Well, the Noble Splitter obviously comes online this year. And so we'll have OpEx associated with the splitter once it's online. And so I think if you think about the sort of $43,000,000 payments that we have been receiving in October of every year, we've sort of guided to kind of net op margin associated with that being sort of in the $30,000,000 ish range when you take into account OpEx.
Okay. Okay.
And then just to clarify on the 5 year kind of guidance which you had given out for 2021. It seems like on the Slide 10 that in today's deck, you're still using the same projects that were used in July. I was wondering just to kind of benchmark our models, how should we be thinking about the CapEx in that base guidance that you gave back in July in terms of the CapEx from 2018 to 2020?
Well, to be clear, what appears on Page 10 of the deck is a repeat of what we showed in June, call it on the first two thirds of the page from the left side, and then a new column which says recent additions to EBITDA growth outlook. It's not a new forecast. It wasn't really a forecast to begin with. It was an outlook. It's not a new outlook.
It's showing that there have been changes made since the previous outlook and those changes are the new commercial agreements, GCX, the joint venture in the Bakken, the expanded joint venture in Centrahoma. So I don't want the chart to be misunderstood or by anyone who hasn't seen it to think that we've got a new long term guidance page out there. We don't. Our script comments did say they were mine, I kind of remember them. I did say that we believe that the outlook we gave in June is even better today and then we discussed the reasons.
So I really can't help you with your modeling beyond that and the sort of transcript of this will list those reasons and some of those reasons are listed on Page 10 in that packet. Does that help?
Yes, it does. Thank you. Okay, thanks.
Thank you. And our next question comes from Dennis Coleman of Bank of America. Your line is now open.

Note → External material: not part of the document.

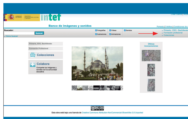
Figura 2. Banco de imágenes y sonidos del Instituto Nacional de Tecnologías Educativas y de Formación del Profesorado (INTEF) del Ministerio de Educación, Cultura y Deporte

genes/web/) para ser utilizadas con fines únicamente educativos. En este banco se puede acceder a las imágenes que se muestran tanto en la parte derecha superior como en la parte izquierda de la zona central. Las imágenes están clasificadas en tres epígrafes (Primaria-ESO-Bachillerato/Formación profesional/Colecciones). También tiene un buscador que permite introducir texto para encontrar una imagen, pudiendo restringir la búsqueda a fotografías, ilustraciones, vídeos, animaciones y sonido (figura 2).

Yes. Thanks for sticking with me there. Lots of good questions have been asked. I just have more of a I think more of a detailed one. You mentioned in the agreement with 1 to move the liquids that you could potentially just exchange the volumes.
I guess that take volumes that Oneok has at Belvieu or some shape of that is what I'm imagining. Is there a basis negotiated into those kind of agreements? Is that already been anticipated? Or do you just do that at market? How does that work?
Recognize that the agreement that we have, obviously, ONEOK has the pipe today, OHLP pipe today, and then they've got their announcement of their Elk Creek pipe. Practically speaking, it's my understanding that the current pipe is virtually full, so the additive of Varell Creek pipe provides the transportation leg to move the barrels to the various marketplaces. For us, we dispute it as a transportation exchange. We're delivering barrels at the Bakken and over time an increasing amount of volumes will be redelivered back to us at our fractionator. Not going to get into the settlement prices or how that works, but needless to say, it is beneficial to target to have those volumes at our fractionator.
Okay. That was worth the try. Thanks very much.
Thanks, Dennis.
Thanks, Dennis.
Thank you. And that concludes our question and answer session for today. I'd like to turn the conference back over to the company for any closing remarks.
Thanks, operator, and thanks to everybody on the call this morning. We hope that the additional color in 2018 guidance was helpful. Please feel free to contact Sanjay Jain or any of us to follow-up. Have a good day.
Ladies and gentlemen, thank you for participating in today's conference. This does conclude the program and you may all disconnect. Everyone have a great day.